TASK OBJECTIVE:
Your job is to set down the stretch of entries that opens with the line containing "Cerrajero Vitienes, como" and closes with the line containing "Kamar tidur 3". Keep both end lines, copy each exactly, and add nothing.
Start of DATA PROVIDED
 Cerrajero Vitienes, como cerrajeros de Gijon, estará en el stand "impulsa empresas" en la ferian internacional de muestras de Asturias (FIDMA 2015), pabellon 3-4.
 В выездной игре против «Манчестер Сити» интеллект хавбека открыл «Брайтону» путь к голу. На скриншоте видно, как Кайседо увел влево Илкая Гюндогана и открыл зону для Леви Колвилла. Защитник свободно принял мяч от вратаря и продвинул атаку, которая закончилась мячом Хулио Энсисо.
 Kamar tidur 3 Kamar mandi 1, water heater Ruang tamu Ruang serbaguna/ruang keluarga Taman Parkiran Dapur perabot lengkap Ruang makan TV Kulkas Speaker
End of DATA PROVIDED
Start of DATA PROVIDED
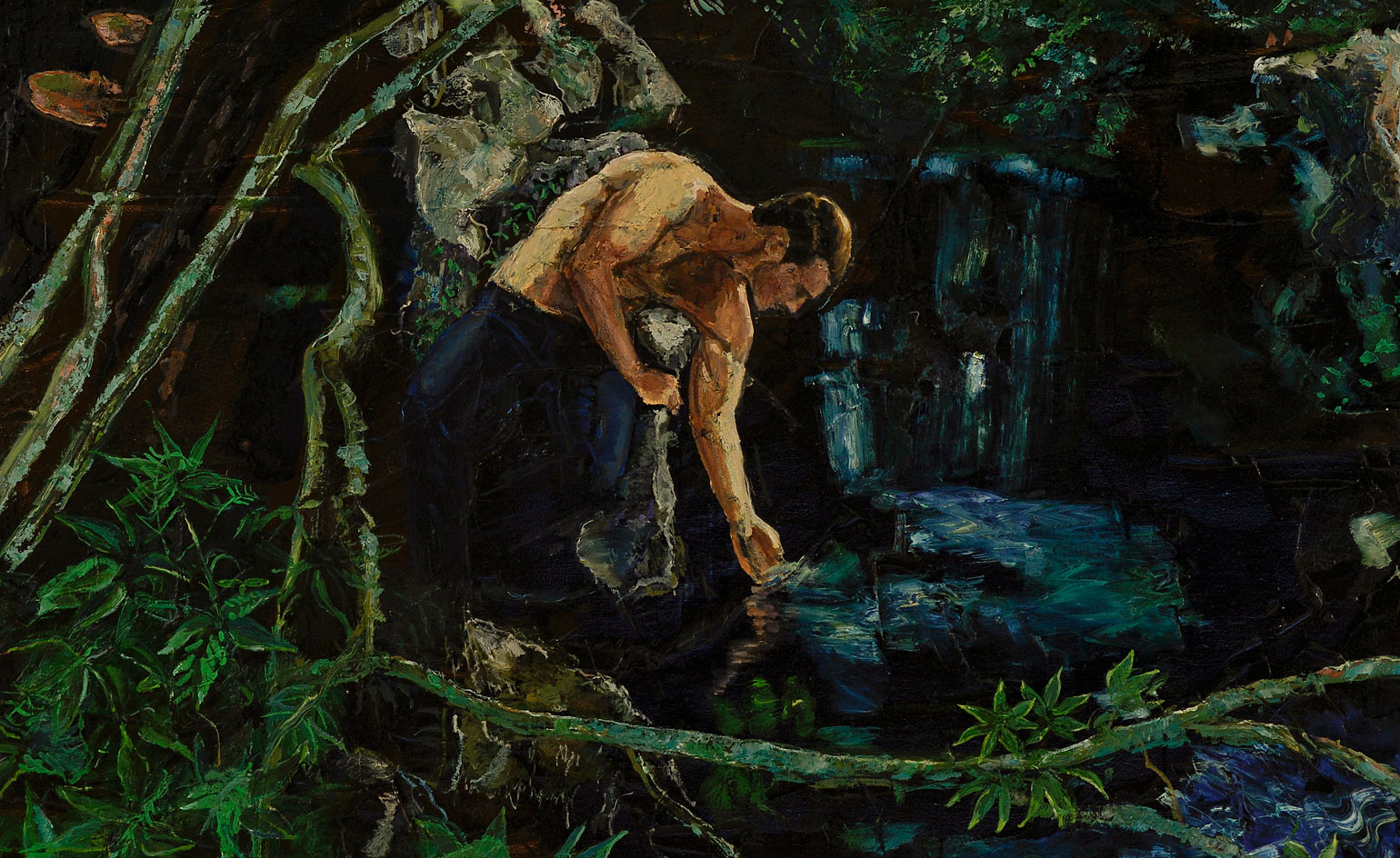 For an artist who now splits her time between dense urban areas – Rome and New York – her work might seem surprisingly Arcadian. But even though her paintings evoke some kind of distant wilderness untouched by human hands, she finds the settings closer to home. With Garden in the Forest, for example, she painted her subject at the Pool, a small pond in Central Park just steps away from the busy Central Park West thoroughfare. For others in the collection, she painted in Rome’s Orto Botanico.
End of DATA PROVIDED
WRITTEN RESPONSE:
 Cerrajero Vitienes, como cerrajeros de Gijon, estará en el stand "impulsa empresas" en la ferian internacional de muestras de Asturias (FIDMA 2015), pabellon 3-4.
 В выездной игре против «Манчестер Сити» интеллект хавбека открыл «Брайтону» путь к голу. На скриншоте видно, как Кайседо увел влево Илкая Гюндогана и открыл зону для Леви Колвилла. Защитник свободно принял мяч от вратаря и продвинул атаку, которая закончилась мячом Хулио Энсисо.
 Kamar tidur 3 Kamar mandi 1, water heater Ruang tamu Ruang serbaguna/ruang keluarga Taman Parkiran Dapur perabot lengkap Ruang makan TV Kulkas Speaker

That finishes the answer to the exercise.